■ **Work item**
Everything in the listing below has to be repeated exactly, except the pictures.

■ **Given information**
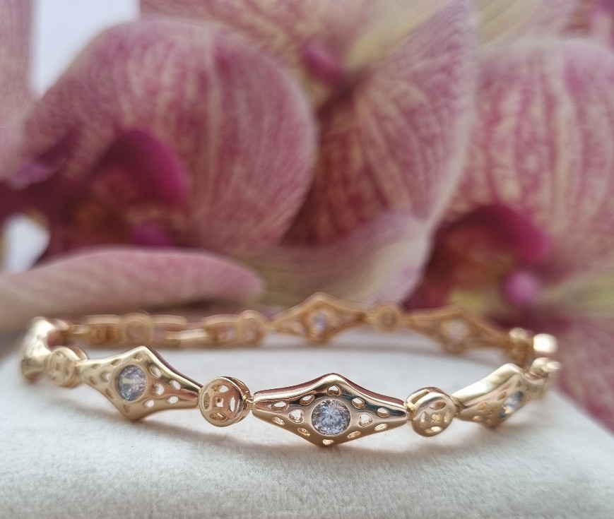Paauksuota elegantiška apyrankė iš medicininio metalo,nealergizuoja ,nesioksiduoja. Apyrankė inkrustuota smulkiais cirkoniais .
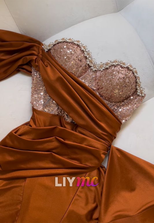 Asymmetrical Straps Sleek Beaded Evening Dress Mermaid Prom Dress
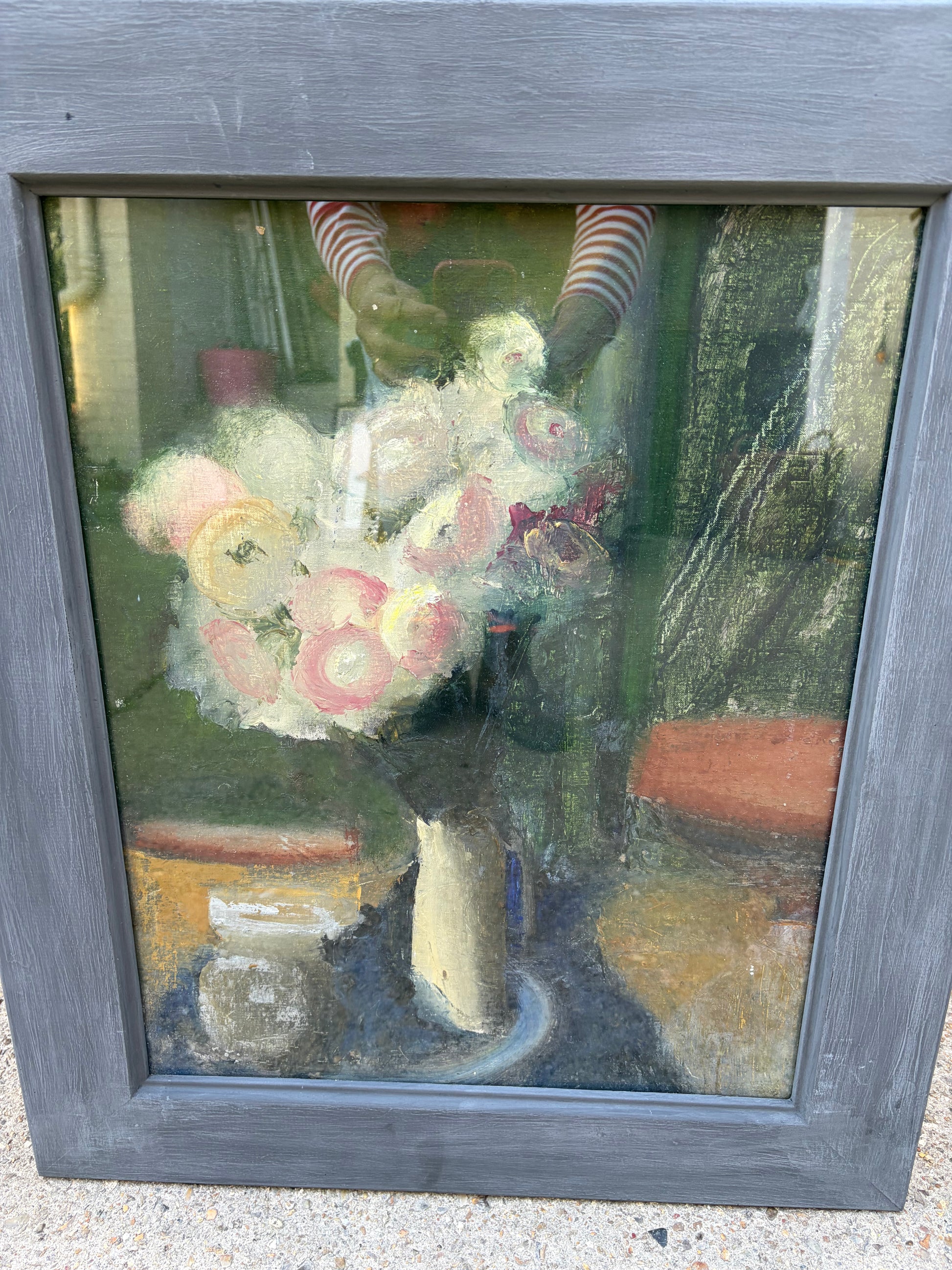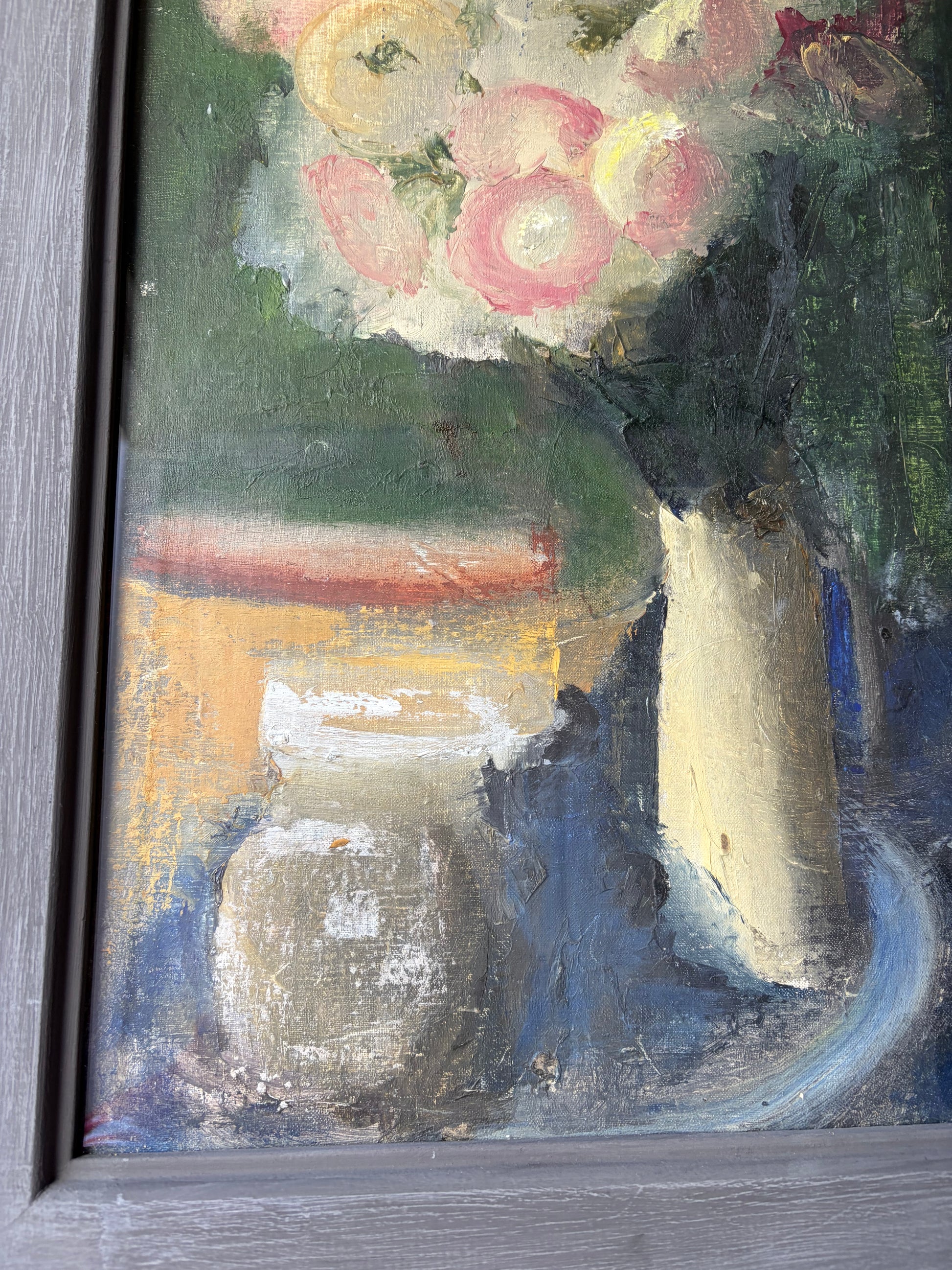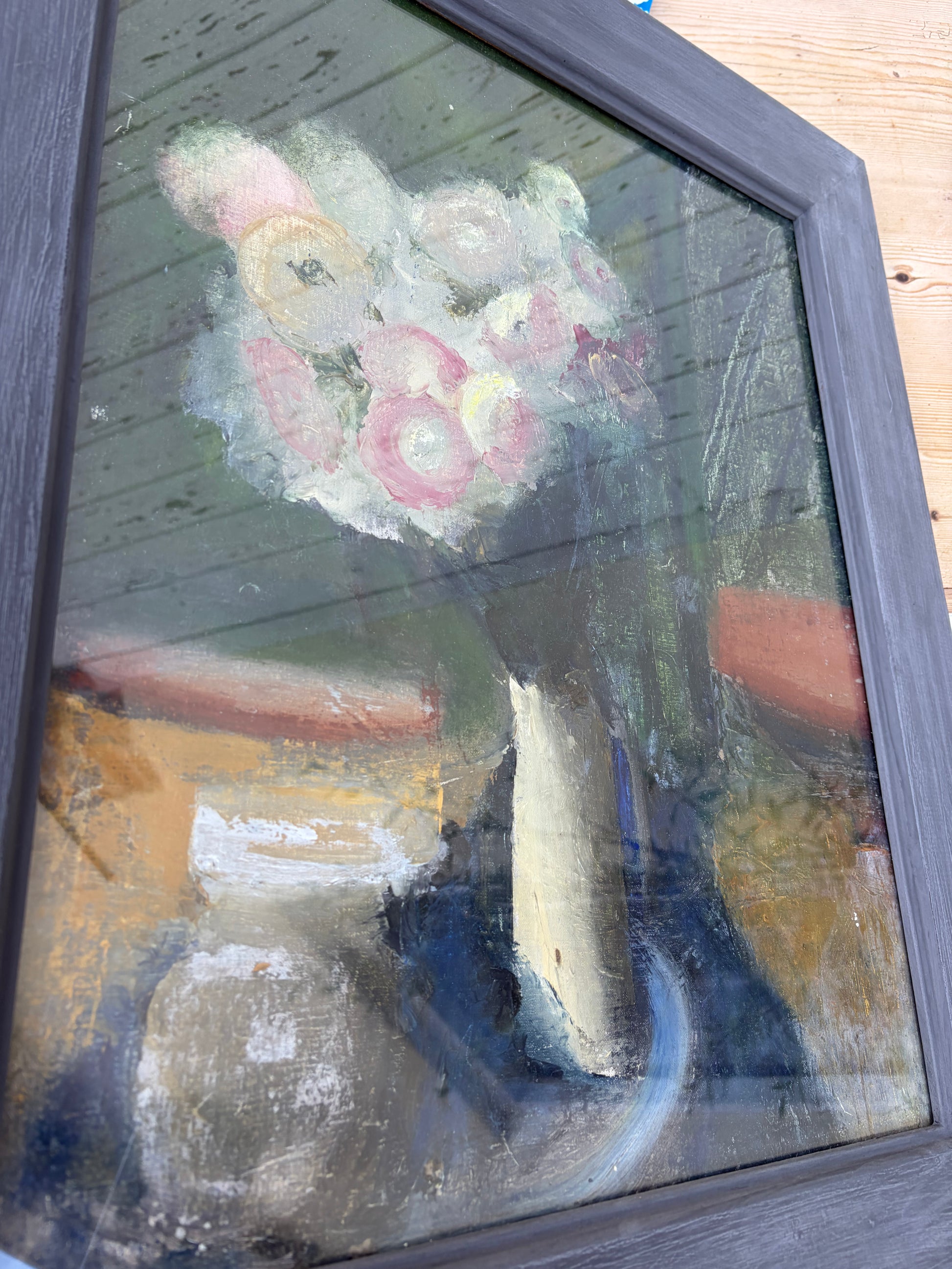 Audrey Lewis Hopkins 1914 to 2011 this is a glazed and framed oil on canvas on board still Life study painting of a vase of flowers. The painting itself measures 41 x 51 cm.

■ **Output**
Paauksuota elegantiška apyrankė iš medicininio metalo,nealergizuoja ,nesioksiduoja. Apyrankė inkrustuota smulkiais cirkoniais .
 Asymmetrical Straps Sleek Beaded Evening Dress Mermaid Prom Dress
 Audrey Lewis Hopkins 1914 to 2011 this is a glazed and framed oil on canvas on board still Life study painting of a vase of flowers. The painting itself measures 41 x 51 cm.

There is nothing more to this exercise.